Amos Carver, Gregg Sergeant, and Scot Schecter were working on a live stunt for the upcoming movie Kick Ass 2 when they heard gasps and screams coming from across the street.

The three stuntmen from the Los Angeles-based company 911 Stunts saw a woman hanging from the 14th floor of a balcony adjacent form the international comic book and pop culture event. After recognizing this was no stunt, the men immediately took action.

"We're trained to deal with these situations should they arise, but usually if we do, it's not an innocent civilian," Carver told ABC News.

"If we're saving somebody, it's a situation we constructed in such a way that they're out on the edge of life or death intentionally to get a certain shot [in a film], and we swoop in, but those are people that are expecting this."

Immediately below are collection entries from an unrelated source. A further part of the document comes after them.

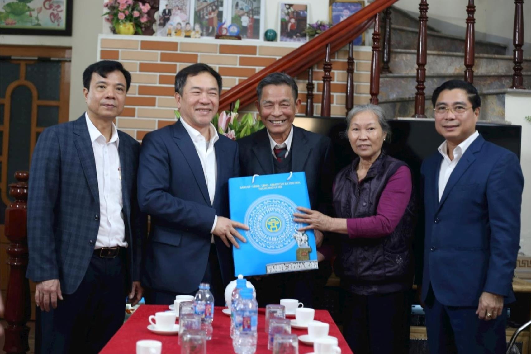 Lãnh đạo xã Ứng Hòa thăm, chúc Tết các gia đình chính sách tiêu biểu trên địa bàn xã. Ảnh: Sơn Tùng
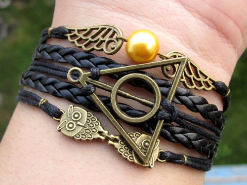 Joyplancraft Unique Lengendary Bracelet Golden Snitch Deathly Hallows and Owls Charm with Black Leather Braid and Rope Bracelet
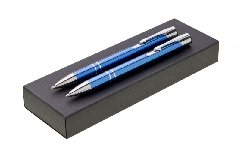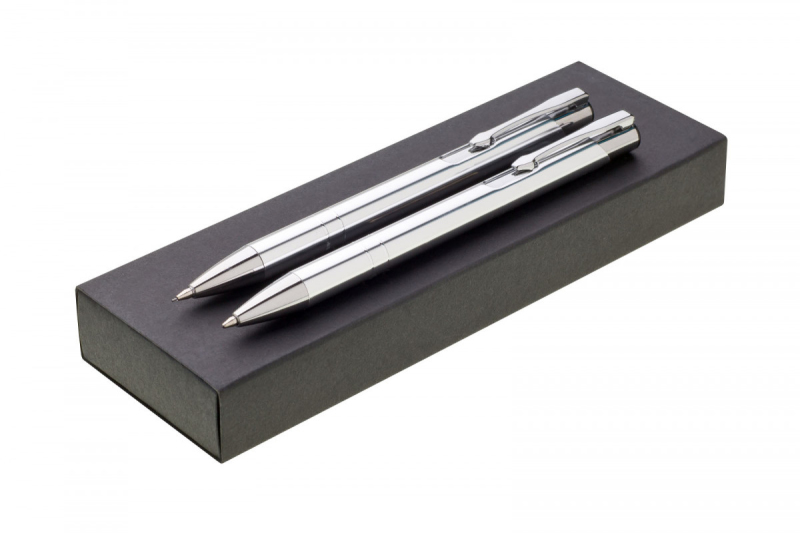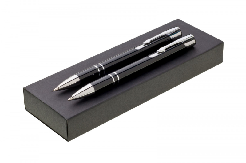 Sada ORIN červená, tužky jsou vyrobeny z hliníku, na těle mají 2 stříbrné proužky a doplňky. Dodávají se v černé papírové krabičce.
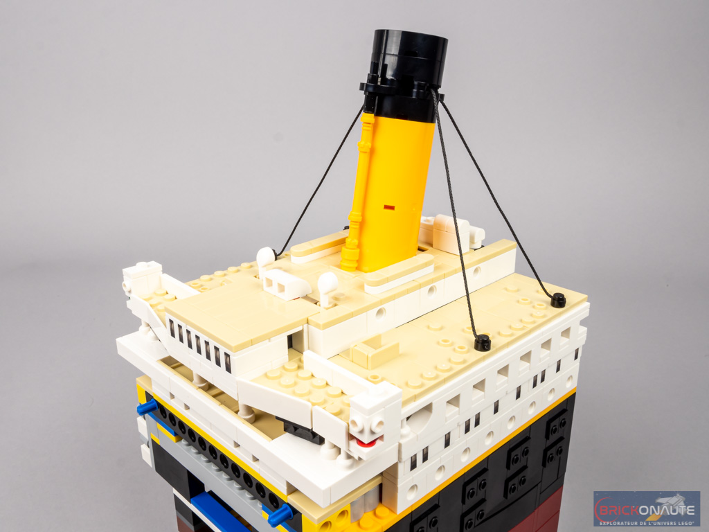 On commence par couvrir le pont des embarcations d’éléments de couleur tan. Puis on attaque un grand sous-ensemble avec la première cheminée. De couleur blanche et recouvert de tan, la cheminée y est fixée grâce à des pins Technic pour obtenir l’angle désiré. On ajoute également quelques éléments de décoration et notamment les divers instruments de navigation. Deux câbles, divisés en deux au niveau de la cheminée, sont fixés sur le pont et soutiennent cette dernière. On termine cette étape en attachant cette section à la précédente, formant ainsi le 1er tiers du navire. Attention à ce stade : la fixation n’est faite que sur 3 points – l’ensemble put s’avérer plutôt fragile.
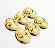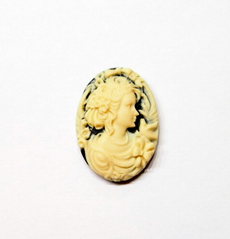You are buying 6 of 25 mm x 18 mm Cream over Black Victorian Lady Floral Design Edges Cameos. These are so gorgeous, this shows a beautiful Victorian Woman with floral designs all around the edges of the cameo. She is Right Facing & Cream on a Black Background. The Woman practically fills up the entire cameo by herself. The details are very sharp and stand away from the background, giving it a 3-D effect. The molding process of these are just great, no flaws. I have several different settings these will fit in. They measure 25 mm x 18 mm. They look very detailed for their size. I have lots of Great Bails, Bracelets, Cameos, Chains, Connectors, Jump Rings, Lockets, Pendants, Pins, Rings & Settings so, just look at all my listings. I also offer a group similar to this cameo in 6 Colors in 25x18 mm Victorian Corsage and Pearls Women as shown in the next to last picture item #361510316187, sold separately. These are also offered in a group of 10 different 25x18 mm gorgeous cameos as shown in the last picture item #360935670102, sold separately.

Once gaining permission to enter the apartment from which the woman was hanging, the three men quietly made their way into the room without her knowing. When the men saw the woman "hanging with one hand and one foot off the ledge," Sergeant quickly restrained her in a bear hug while Schecter and Carver fastened harness gear around her body to ensure her safety.

"She just kept saying, 'I'm so sorry, I'm so sorry,' over and over again," Carver said of the woman, who turned out to be intoxicated and suffering stress from a recently severed relationship. "She was very distraught."

Although the three stunt coordinators insisted their actions were not heroic, they received a well-deserved "thank you" from San Diego Police.

"I was just so thankful we got there when we got there. I think if we'd been there two seconds later, she would've been gone," explained Sergeant.